His public appearance comes as the first by any member of the ousted government.
About half a dozen soldiers took Education Minister Chaturon Chaisang into custody in a chaotic scene at the Foreign Correspondents’ Club of Thailand, where he had just finished giving a surprise news conference.
The junta, which seized power last week, is already holding most top members of the Southeast Asian country’s elected administration and has ordered the rest to surrender.
Chaturon called for elections and warned that resistance to the army overthrow could grow, which could lead to “a disaster for this country.”
When the news conference was finished and Chaturon was being interviewed by a group of Thai journalists, soldiers entered the room, surrounded him, and escorted him out through a crowd of reporters. He was calm and smiling as he was taken away.
Before being hustled into an elevator, Chaturon said: “I’m not afraid.
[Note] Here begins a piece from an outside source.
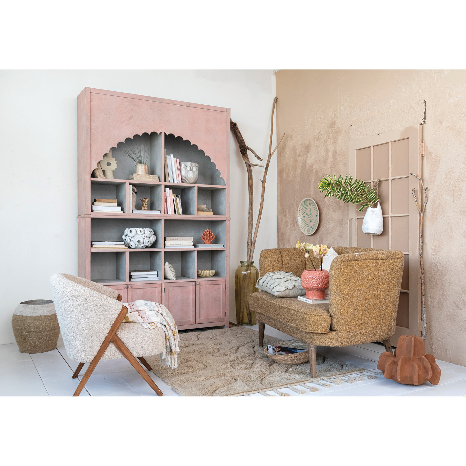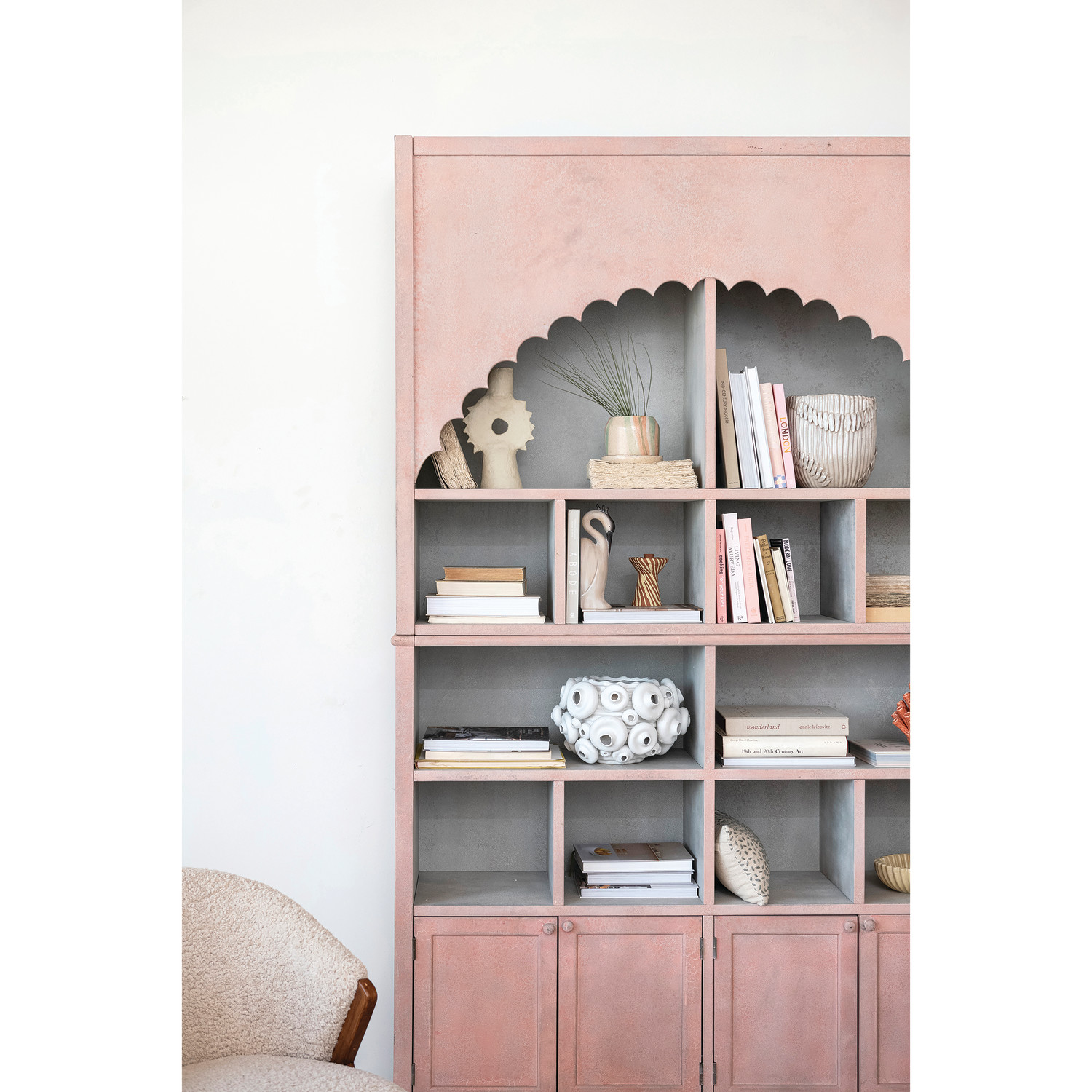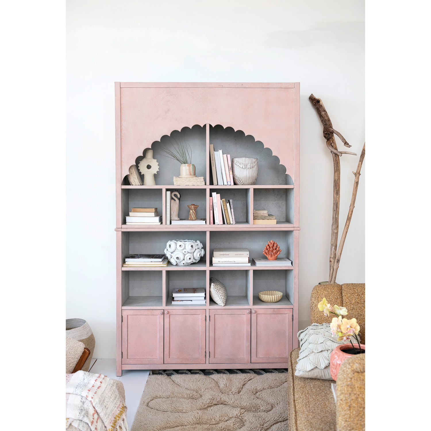 This wood cabinet with a scalloped edge is a beautiful and functional piece of furniture that will enhance any room. It is crafted from high-quality wood that has a stunning antique pink finish that adds warmth and character to the cabinet. The cabinet has a scalloped edge along the top that gives it a unique and elegant shape. The cabinet has 14 compartments that are divided by shelves and doors. The doors also have knobs that make them easy to open and close. The cabinet offers ample storage space for items, display books, dishes, collectibles, or other things. The cabinet measures 59.5 inches in length, 15.75 inches in width, and 94.5 inches in height, making it a substantial and impressive piece of furniture. This wood cabinet with a scalloped edge is a perfect choice for adding farmhouse, boho, Scandinavian, French country, or vintage style to the home.

If I was afraid, I wouldn’t be here.”
The military takeover, Thailand’s second in eight years, deposed an elected government that had insisted for months that the nation’s fragile democracy was under attack from protesters, the courts, and finally the army.
The country is deeply split between an elite establishment based in Bangkok and the south that cannot win elections on one side, and a poorer majority centred in the north that has begun to realise political and economic power on the other.
“A coup d’tat is not a solution to the problems or conflicts in Thai society, but will make the conflicts even worse,” Chaturon said.
According to him, he told only a few people in advance of his appearance. He said he would not resist arrest or go underground, but since he does not “accept the coup, I could not report to those who staged it.”
“I still insist to use my own rights and liberty to call for returning the country to democracy,” he said.